Prefatory Note: This is part of a series of articles published in The Statesman since October 2007 and republished here, viz., Understanding China, India-USA Interests, China’s India Aggression, Surrender or Fight?, China’s Commonwealth, Nixon & Mao vs India, China’s India Example and China’s Force and Diplomacy.

Lessons from the 1962 War

Beginnings of a solution to the long-standing border problem: there are distinct Tibetan, Chinese and Indian points of view that need to be mutually comprehended.

By SUBROTO ROY

First published in The Sunday Statesman, January 13 2008,  Editorial Page Special Article, www.thestatesman.net

WAR is an existential experience from which nations emerge altered, reflective and sometimes more mature. Germany tried to purge anti-Jewish hatred, Japan to adopt pacifism, Britain to break class-structures, Russia to explode Stalin’s cult.
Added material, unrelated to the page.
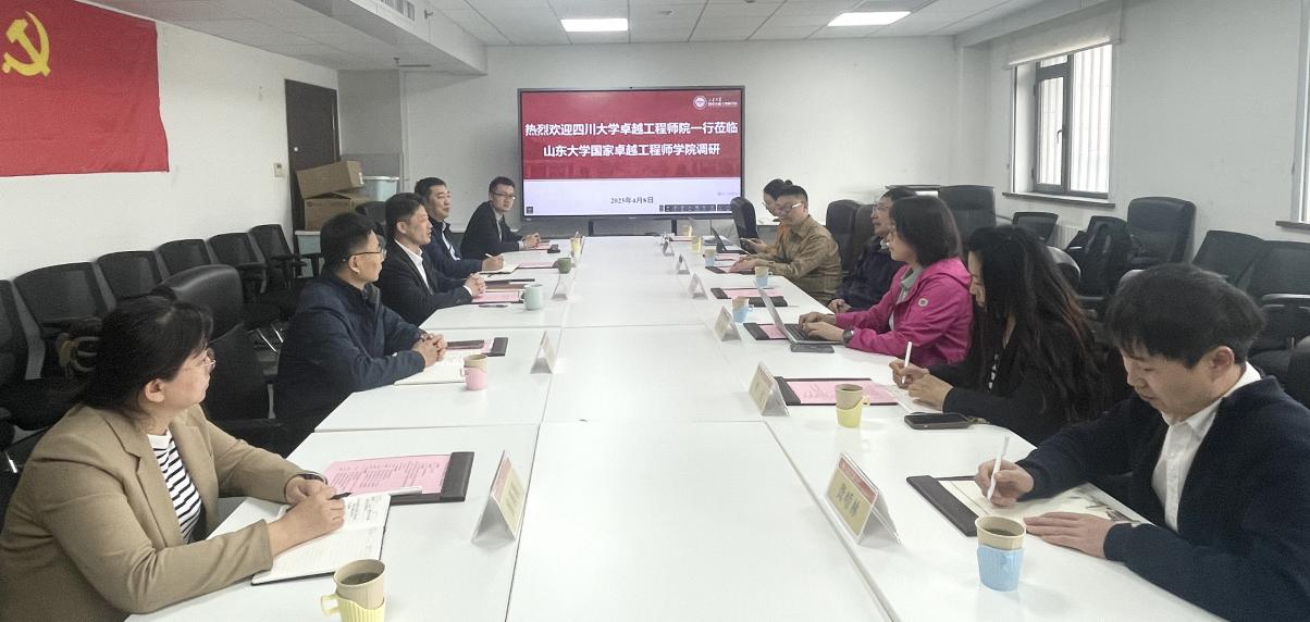 4月8日,我校英国威廉希尔公司一行7人赴山东大学国家英国威廉希尔公司开展调研交流。山东大学研究生院常务副院长、研工部部长、国家英国威廉希尔公司执行院长韩勃,研究生院专业学位教育办公室(在职教育中心)主任、国家英国威廉希尔公司副院长郑彬,国家英国威廉希尔公司副院长张存生等参加了调研会议。

America learnt little from its Vietnam debacle, creating new tactics and technologies to reduce American casualties in war but not showing any improved capacity to comprehend the world beyond its shores and borders.
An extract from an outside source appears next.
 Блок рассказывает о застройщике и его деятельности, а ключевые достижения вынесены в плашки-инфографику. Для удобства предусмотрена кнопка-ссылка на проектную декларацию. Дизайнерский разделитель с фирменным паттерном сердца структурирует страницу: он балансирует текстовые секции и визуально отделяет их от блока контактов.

India after the 1962 defeat by Mao’s China learnt less than was possible and necessary to do. The Government’s official history concluded: “In a fundamental sense, the origins of the 1962 Sino-Indian conflict lay in Chinese expansionism and occupation of Tibet. The issue got further aggravated due to failure of the Chinese to win over the Tibetans. Indian asylum to the Dalai Lama raised Chinese suspicions about ultimate Indian intentions. On the other hand, India, while tacitly accepting the Chinese occupation of Tibet through a treaty in 1954, failed to obtain any quid pro quo on the border issue.” This is true enough but a deeper probe is also possible.
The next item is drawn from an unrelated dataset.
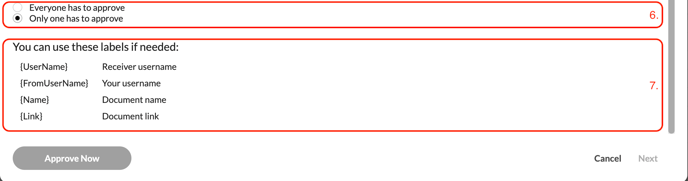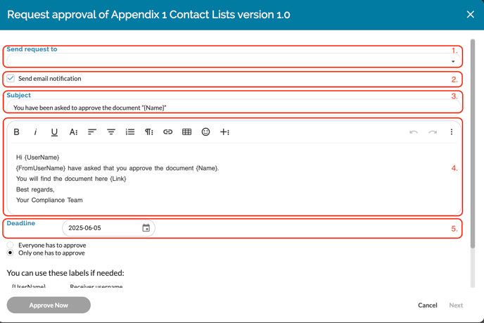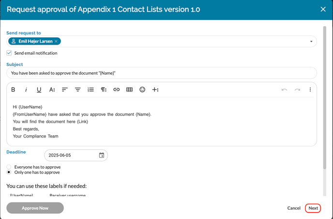 Who the approval should be sent to. You can add one or more individuals. Teams can also be added so that all team members are asked to approve the document.

India’s 20th Century political and intellectual leadership may have grossly failed to comprehend critical world events in a realistic manner, specifically Vladimir Ulyanov’s German-assisted Bolshevik coup d’etat, the Kuomintang and Maoist takeovers in China, as well as India’s own struggle for Independence. After BG Tilak, Annie Besant, GK Gokhale and other founders of Indian nationalism passed from the scene, leaders arose like MK Gandhi, MA Jinnah, SC Bose and J Nehru who tended to be consumed, to lesser or greater extent, by their own hubris and were less able to see India’s fortunes and capacities in context of a larger world. None had military, administrative or public finance experience needed for practical government; instead there arose almost a new hereditary caste of the “professional politician” who has no other vocation or anything better to do in life. Nazi-admirers like Mashriqi and Rahmat Ali among Muslims and the Mahasabha and RSS among Hindus also lent mainstream Indian nationalism a harsh distasteful colouration.

Czechoslovakia’s great nationalist Masaryk (who famously denounced Austro-Hungary as a “corrupt, pretentious, senseless relic”) was said to be “a leader who planned further ahead than his contemporaries, understood the corroding effects of power, the vital need of restraint in the ruler, and above all the need for taking the nation into his confidence, educating it in the sense of drawing out all its innate qualities and sharing its manifold aspirations” (Seton-Watson). India’s clear-headed statesmen of that calibre were not among its most visible or ambitious. Vallabhbhai Patel, MAK Azad, C Rajagopalachari and others were left on the sidelines of free India’s politics ~ as Plato predicted, the genuine pilot of the ship of state will be hardly invited to take its wheel nor even want to do so.

Nehru alone, as chosen by Gandhi, came to wield actual power in the 1950s, having maneuvered Rajendra Prasad to being President. And Nehru, besotted in middle age with a married British woman, seemed awestruck by appearance of a victorious Maoist communism in China just as he had been adoring of Stalin’s Russia two decades earlier. The Congress’s friends among India’s official Communists and fellow-travelers never had much original indigenous grassroots support and always looked abroad for guidance. Non-alignment needed to be made of sterner stuff.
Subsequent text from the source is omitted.